Print every one of the records verbatim, omitting nothing.

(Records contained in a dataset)
• • •
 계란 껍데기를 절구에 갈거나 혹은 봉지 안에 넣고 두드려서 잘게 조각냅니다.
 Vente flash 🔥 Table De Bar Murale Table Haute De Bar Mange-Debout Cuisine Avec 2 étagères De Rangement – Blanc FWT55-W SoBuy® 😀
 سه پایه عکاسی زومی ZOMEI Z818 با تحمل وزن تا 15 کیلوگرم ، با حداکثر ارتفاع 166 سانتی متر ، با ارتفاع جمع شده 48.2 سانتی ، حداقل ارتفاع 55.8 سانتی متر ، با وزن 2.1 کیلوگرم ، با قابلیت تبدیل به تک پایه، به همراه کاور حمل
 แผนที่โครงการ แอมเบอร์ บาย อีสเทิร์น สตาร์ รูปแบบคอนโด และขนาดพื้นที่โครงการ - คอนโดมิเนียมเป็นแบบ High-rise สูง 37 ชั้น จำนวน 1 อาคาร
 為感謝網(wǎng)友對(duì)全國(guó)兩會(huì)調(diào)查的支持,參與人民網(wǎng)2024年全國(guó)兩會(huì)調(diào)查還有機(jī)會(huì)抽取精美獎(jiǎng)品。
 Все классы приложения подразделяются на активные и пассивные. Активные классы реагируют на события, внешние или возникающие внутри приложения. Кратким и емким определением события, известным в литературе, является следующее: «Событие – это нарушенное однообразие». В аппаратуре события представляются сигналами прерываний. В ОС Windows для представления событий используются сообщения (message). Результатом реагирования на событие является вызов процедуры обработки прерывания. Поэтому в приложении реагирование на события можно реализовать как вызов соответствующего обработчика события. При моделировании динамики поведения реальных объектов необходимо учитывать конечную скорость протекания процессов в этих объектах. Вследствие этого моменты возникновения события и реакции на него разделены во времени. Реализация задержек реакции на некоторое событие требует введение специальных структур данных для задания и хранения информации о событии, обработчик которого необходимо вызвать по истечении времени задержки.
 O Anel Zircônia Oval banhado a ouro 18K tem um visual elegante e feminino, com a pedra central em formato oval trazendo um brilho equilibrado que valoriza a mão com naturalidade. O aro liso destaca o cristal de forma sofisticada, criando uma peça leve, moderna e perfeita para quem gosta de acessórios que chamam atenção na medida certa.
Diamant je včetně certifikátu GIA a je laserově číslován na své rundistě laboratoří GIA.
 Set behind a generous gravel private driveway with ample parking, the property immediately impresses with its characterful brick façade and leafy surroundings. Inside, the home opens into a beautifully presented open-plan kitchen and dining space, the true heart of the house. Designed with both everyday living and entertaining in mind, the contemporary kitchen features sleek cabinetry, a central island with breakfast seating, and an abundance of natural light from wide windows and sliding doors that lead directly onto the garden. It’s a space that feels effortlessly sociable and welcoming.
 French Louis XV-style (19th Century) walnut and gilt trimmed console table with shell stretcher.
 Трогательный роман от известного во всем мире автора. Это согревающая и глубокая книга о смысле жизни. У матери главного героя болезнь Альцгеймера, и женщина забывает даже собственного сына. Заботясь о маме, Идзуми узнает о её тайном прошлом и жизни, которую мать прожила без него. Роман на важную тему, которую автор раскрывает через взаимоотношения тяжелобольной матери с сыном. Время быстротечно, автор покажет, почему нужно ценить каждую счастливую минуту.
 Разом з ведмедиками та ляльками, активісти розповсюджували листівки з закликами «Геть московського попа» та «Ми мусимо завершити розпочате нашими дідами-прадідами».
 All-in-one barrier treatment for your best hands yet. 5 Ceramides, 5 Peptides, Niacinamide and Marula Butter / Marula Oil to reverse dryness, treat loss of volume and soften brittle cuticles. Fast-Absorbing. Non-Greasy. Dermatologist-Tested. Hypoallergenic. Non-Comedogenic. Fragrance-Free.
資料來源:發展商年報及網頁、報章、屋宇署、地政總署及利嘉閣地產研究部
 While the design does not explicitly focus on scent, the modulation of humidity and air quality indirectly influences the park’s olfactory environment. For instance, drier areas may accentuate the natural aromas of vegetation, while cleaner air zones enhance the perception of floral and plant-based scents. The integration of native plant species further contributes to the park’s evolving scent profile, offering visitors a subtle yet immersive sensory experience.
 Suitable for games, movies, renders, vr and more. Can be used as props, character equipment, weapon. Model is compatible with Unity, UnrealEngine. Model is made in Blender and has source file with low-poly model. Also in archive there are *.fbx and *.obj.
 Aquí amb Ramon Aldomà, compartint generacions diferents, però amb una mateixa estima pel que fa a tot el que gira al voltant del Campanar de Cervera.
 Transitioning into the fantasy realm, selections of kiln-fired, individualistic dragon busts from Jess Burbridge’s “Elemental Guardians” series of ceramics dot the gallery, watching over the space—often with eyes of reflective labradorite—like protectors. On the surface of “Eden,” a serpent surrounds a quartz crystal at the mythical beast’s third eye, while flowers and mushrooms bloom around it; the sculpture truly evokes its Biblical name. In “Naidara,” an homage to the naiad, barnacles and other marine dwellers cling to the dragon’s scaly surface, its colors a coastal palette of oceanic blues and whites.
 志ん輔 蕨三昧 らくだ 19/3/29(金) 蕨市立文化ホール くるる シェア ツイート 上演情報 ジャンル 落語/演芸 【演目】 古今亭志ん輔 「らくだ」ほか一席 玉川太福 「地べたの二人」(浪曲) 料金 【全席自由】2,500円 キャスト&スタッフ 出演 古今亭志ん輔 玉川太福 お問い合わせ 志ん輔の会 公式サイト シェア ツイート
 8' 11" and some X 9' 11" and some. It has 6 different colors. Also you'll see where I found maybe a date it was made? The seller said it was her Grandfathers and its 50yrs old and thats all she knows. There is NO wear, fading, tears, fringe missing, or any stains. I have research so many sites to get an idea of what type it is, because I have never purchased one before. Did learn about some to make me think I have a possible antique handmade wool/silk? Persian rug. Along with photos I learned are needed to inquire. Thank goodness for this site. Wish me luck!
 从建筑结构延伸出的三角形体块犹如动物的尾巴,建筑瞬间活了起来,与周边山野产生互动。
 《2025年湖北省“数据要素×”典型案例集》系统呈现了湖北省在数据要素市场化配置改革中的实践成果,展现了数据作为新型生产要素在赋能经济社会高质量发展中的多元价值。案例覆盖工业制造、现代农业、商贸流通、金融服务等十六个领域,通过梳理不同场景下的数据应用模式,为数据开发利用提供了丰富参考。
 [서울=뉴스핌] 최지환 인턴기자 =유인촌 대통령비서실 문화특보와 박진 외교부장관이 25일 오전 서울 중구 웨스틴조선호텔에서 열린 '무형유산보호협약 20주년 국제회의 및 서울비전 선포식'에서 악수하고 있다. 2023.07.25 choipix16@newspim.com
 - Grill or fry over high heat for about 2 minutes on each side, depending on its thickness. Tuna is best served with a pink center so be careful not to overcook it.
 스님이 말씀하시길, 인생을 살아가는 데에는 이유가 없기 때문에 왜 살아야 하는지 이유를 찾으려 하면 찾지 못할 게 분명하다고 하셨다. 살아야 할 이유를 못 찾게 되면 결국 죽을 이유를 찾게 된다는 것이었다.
• • •
◆ Result of the task ◆
 계란 껍데기를 절구에 갈거나 혹은 봉지 안에 넣고 두드려서 잘게 조각냅니다.
 Vente flash 🔥 Table De Bar Murale Table Haute De Bar Mange-Debout Cuisine Avec 2 étagères De Rangement – Blanc FWT55-W SoBuy® 😀
 سه پایه عکاسی زومی ZOMEI Z818 با تحمل وزن تا 15 کیلوگرم ، با حداکثر ارتفاع 166 سانتی متر ، با ارتفاع جمع شده 48.2 سانتی ، حداقل ارتفاع 55.8 سانتی متر ، با وزن 2.1 کیلوگرم ، با قابلیت تبدیل به تک پایه، به همراه کاور حمل
 แผนที่โครงการ แอมเบอร์ บาย อีสเทิร์น สตาร์ รูปแบบคอนโด และขนาดพื้นที่โครงการ - คอนโดมิเนียมเป็นแบบ High-rise สูง 37 ชั้น จำนวน 1 อาคาร
 為感謝網(wǎng)友對(duì)全國(guó)兩會(huì)調(diào)查的支持,參與人民網(wǎng)2024年全國(guó)兩會(huì)調(diào)查還有機(jī)會(huì)抽取精美獎(jiǎng)品。
 Все классы приложения подразделяются на активные и пассивные. Активные классы реагируют на события, внешние или возникающие внутри приложения. Кратким и емким определением события, известным в литературе, является следующее: «Событие – это нарушенное однообразие». В аппаратуре события представляются сигналами прерываний. В ОС Windows для представления событий используются сообщения (message). Результатом реагирования на событие является вызов процедуры обработки прерывания. Поэтому в приложении реагирование на события можно реализовать как вызов соответствующего обработчика события. При моделировании динамики поведения реальных объектов необходимо учитывать конечную скорость протекания процессов в этих объектах. Вследствие этого моменты возникновения события и реакции на него разделены во времени. Реализация задержек реакции на некоторое событие требует введение специальных структур данных для задания и хранения информации о событии, обработчик которого необходимо вызвать по истечении времени задержки.
 O Anel Zircônia Oval banhado a ouro 18K tem um visual elegante e feminino, com a pedra central em formato oval trazendo um brilho equilibrado que valoriza a mão com naturalidade. O aro liso destaca o cristal de forma sofisticada, criando uma peça leve, moderna e perfeita para quem gosta de acessórios que chamam atenção na medida certa.
Diamant je včetně certifikátu GIA a je laserově číslován na své rundistě laboratoří GIA.
 Set behind a generous gravel private driveway with ample parking, the property immediately impresses with its characterful brick façade and leafy surroundings. Inside, the home opens into a beautifully presented open-plan kitchen and dining space, the true heart of the house. Designed with both everyday living and entertaining in mind, the contemporary kitchen features sleek cabinetry, a central island with breakfast seating, and an abundance of natural light from wide windows and sliding doors that lead directly onto the garden. It’s a space that feels effortlessly sociable and welcoming.
 French Louis XV-style (19th Century) walnut and gilt trimmed console table with shell stretcher.
 Трогательный роман от известного во всем мире автора. Это согревающая и глубокая книга о смысле жизни. У матери главного героя болезнь Альцгеймера, и женщина забывает даже собственного сына. Заботясь о маме, Идзуми узнает о её тайном прошлом и жизни, которую мать прожила без него. Роман на важную тему, которую автор раскрывает через взаимоотношения тяжелобольной матери с сыном. Время быстротечно, автор покажет, почему нужно ценить каждую счастливую минуту.
 Разом з ведмедиками та ляльками, активісти розповсюджували листівки з закликами «Геть московського попа» та «Ми мусимо завершити розпочате нашими дідами-прадідами».
 All-in-one barrier treatment for your best hands yet. 5 Ceramides, 5 Peptides, Niacinamide and Marula Butter / Marula Oil to reverse dryness, treat loss of volume and soften brittle cuticles. Fast-Absorbing. Non-Greasy. Dermatologist-Tested. Hypoallergenic. Non-Comedogenic. Fragrance-Free.
資料來源:發展商年報及網頁、報章、屋宇署、地政總署及利嘉閣地產研究部
 While the design does not explicitly focus on scent, the modulation of humidity and air quality indirectly influences the park’s olfactory environment. For instance, drier areas may accentuate the natural aromas of vegetation, while cleaner air zones enhance the perception of floral and plant-based scents. The integration of native plant species further contributes to the park’s evolving scent profile, offering visitors a subtle yet immersive sensory experience.
 Suitable for games, movies, renders, vr and more. Can be used as props, character equipment, weapon. Model is compatible with Unity, UnrealEngine. Model is made in Blender and has source file with low-poly model. Also in archive there are *.fbx and *.obj.
 Aquí amb Ramon Aldomà, compartint generacions diferents, però amb una mateixa estima pel que fa a tot el que gira al voltant del Campanar de Cervera.
 Transitioning into the fantasy realm, selections of kiln-fired, individualistic dragon busts from Jess Burbridge’s “Elemental Guardians” series of ceramics dot the gallery, watching over the space—often with eyes of reflective labradorite—like protectors. On the surface of “Eden,” a serpent surrounds a quartz crystal at the mythical beast’s third eye, while flowers and mushrooms bloom around it; the sculpture truly evokes its Biblical name. In “Naidara,” an homage to the naiad, barnacles and other marine dwellers cling to the dragon’s scaly surface, its colors a coastal palette of oceanic blues and whites.
 志ん輔 蕨三昧 らくだ 19/3/29(金) 蕨市立文化ホール くるる シェア ツイート 上演情報 ジャンル 落語/演芸 【演目】 古今亭志ん輔 「らくだ」ほか一席 玉川太福 「地べたの二人」(浪曲) 料金 【全席自由】2,500円 キャスト&スタッフ 出演 古今亭志ん輔 玉川太福 お問い合わせ 志ん輔の会 公式サイト シェア ツイート
 8' 11" and some X 9' 11" and some. It has 6 different colors. Also you'll see where I found maybe a date it was made? The seller said it was her Grandfathers and its 50yrs old and thats all she knows. There is NO wear, fading, tears, fringe missing, or any stains. I have research so many sites to get an idea of what type it is, because I have never purchased one before. Did learn about some to make me think I have a possible antique handmade wool/silk? Persian rug. Along with photos I learned are needed to inquire. Thank goodness for this site. Wish me luck!
 从建筑结构延伸出的三角形体块犹如动物的尾巴,建筑瞬间活了起来,与周边山野产生互动。
 《2025年湖北省“数据要素×”典型案例集》系统呈现了湖北省在数据要素市场化配置改革中的实践成果,展现了数据作为新型生产要素在赋能经济社会高质量发展中的多元价值。案例覆盖工业制造、现代农业、商贸流通、金融服务等十六个领域,通过梳理不同场景下的数据应用模式,为数据开发利用提供了丰富参考。
 [서울=뉴스핌] 최지환 인턴기자 =유인촌 대통령비서실 문화특보와 박진 외교부장관이 25일 오전 서울 중구 웨스틴조선호텔에서 열린 '무형유산보호협약 20주년 국제회의 및 서울비전 선포식'에서 악수하고 있다. 2023.07.25 choipix16@newspim.com
 - Grill or fry over high heat for about 2 minutes on each side, depending on its thickness. Tuna is best served with a pink center so be careful not to overcook it.
 스님이 말씀하시길, 인생을 살아가는 데에는 이유가 없기 때문에 왜 살아야 하는지 이유를 찾으려 하면 찾지 못할 게 분명하다고 하셨다. 살아야 할 이유를 못 찾게 되면 결국 죽을 이유를 찾게 된다는 것이었다.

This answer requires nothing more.